This email came from a former U.S. Embassy employee and this could be
useful to all balikbayans
2. Subject: TRAVEL ADVISORY FROM AMERICAN EMBASSY MANILA
Please share this with your friends and relatives.
Please be informed of the recent travel advisory to the United States.
However, not only pirated VCDs/DVDs are on the hot list. Customs
officials are also looking into fake bags like Louis Vuitton, Coach,
etc.
Please be informed that the American Association of Publishers (AAP)

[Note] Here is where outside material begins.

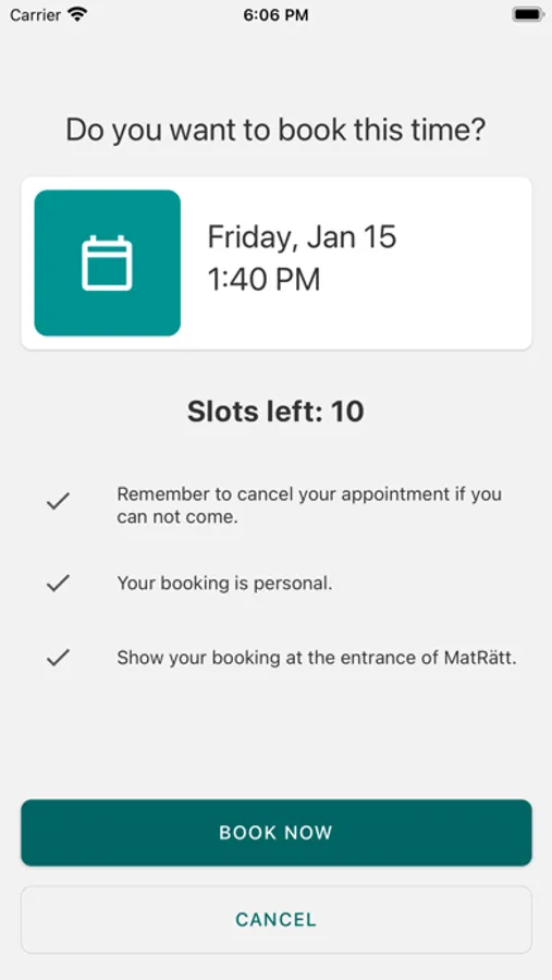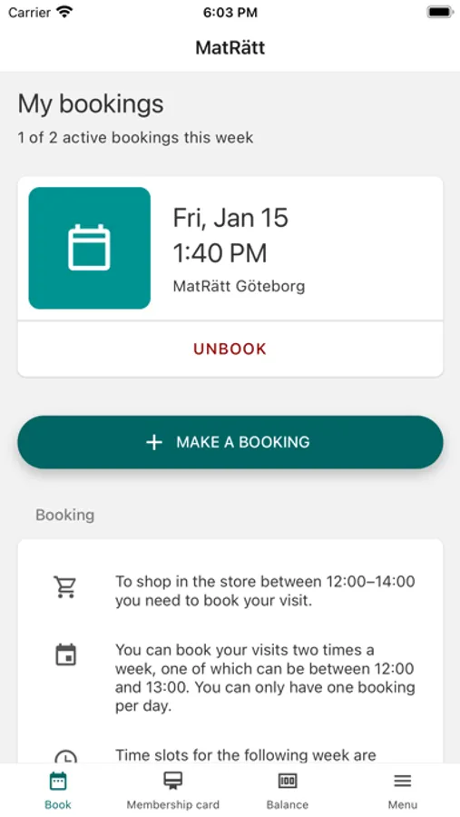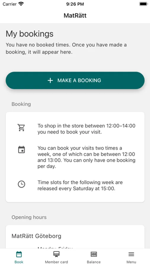 Book and plan your visits to MatRätt, Göteborg. You can book up to two visits per week between 12:00 and 14:00. Remaining opening hours, no booking required. Please note that all visits between 12:00 and 14:00 are booked via this app, regardless of purpose of visit.

has also alerted the American customs officers to check out for
pirated books. This information; was given to me by Patricia Judd of
the AAP.
Please warn all nursing graduates who plan to take the NCLEX and CGF
exams in the States not to bring in these pirated books because there
will be a penalty of automatic deportation as violation of
intellectual property rights. If you know anyone going from the
Philippines and coming back to the USA , with "pasalubongs" and
"padalas," please read this important enclosed advisory from the
American Embassy in Manila.
Please share with your friends.
Just a friendly reminder: if you have plans of going to the
U.S.,please take precautionary measures on all "padalas," especially
those containing fake/pirated compact discs/DVDs. US Embassy employees
have been given an advisory that as US Gov't employees, we should
abide by the U.S.laws, including Intellectual Property Rights
(anti-piracy) laws.
As an additional incentive, the Consular Section recently received a
report that the Department of Homeland Security (DHS) searched the bag
of a Filipino entering the U.S. on NW 72 in Detroit.
During the search, 70-80 compact discs, 30-40 empty DVD jackets and
10-20 DVDs were found. Since the travelers were not American citizens,
their visas were canceled and they returned to the Philippines . If
they had been Americans, they could have been subject to arrest and
criminal prosecution in addition to civil fines and penalties.
Please remember even ONE pirated item can jeopardize your trip.
Also, the fingerprinting system has successfully been instituted in
all port of entries. I suggest you bring extra identification cards in
addition to your passport to facilitate your entry in the US
Immigration. I hope this is helpful to you.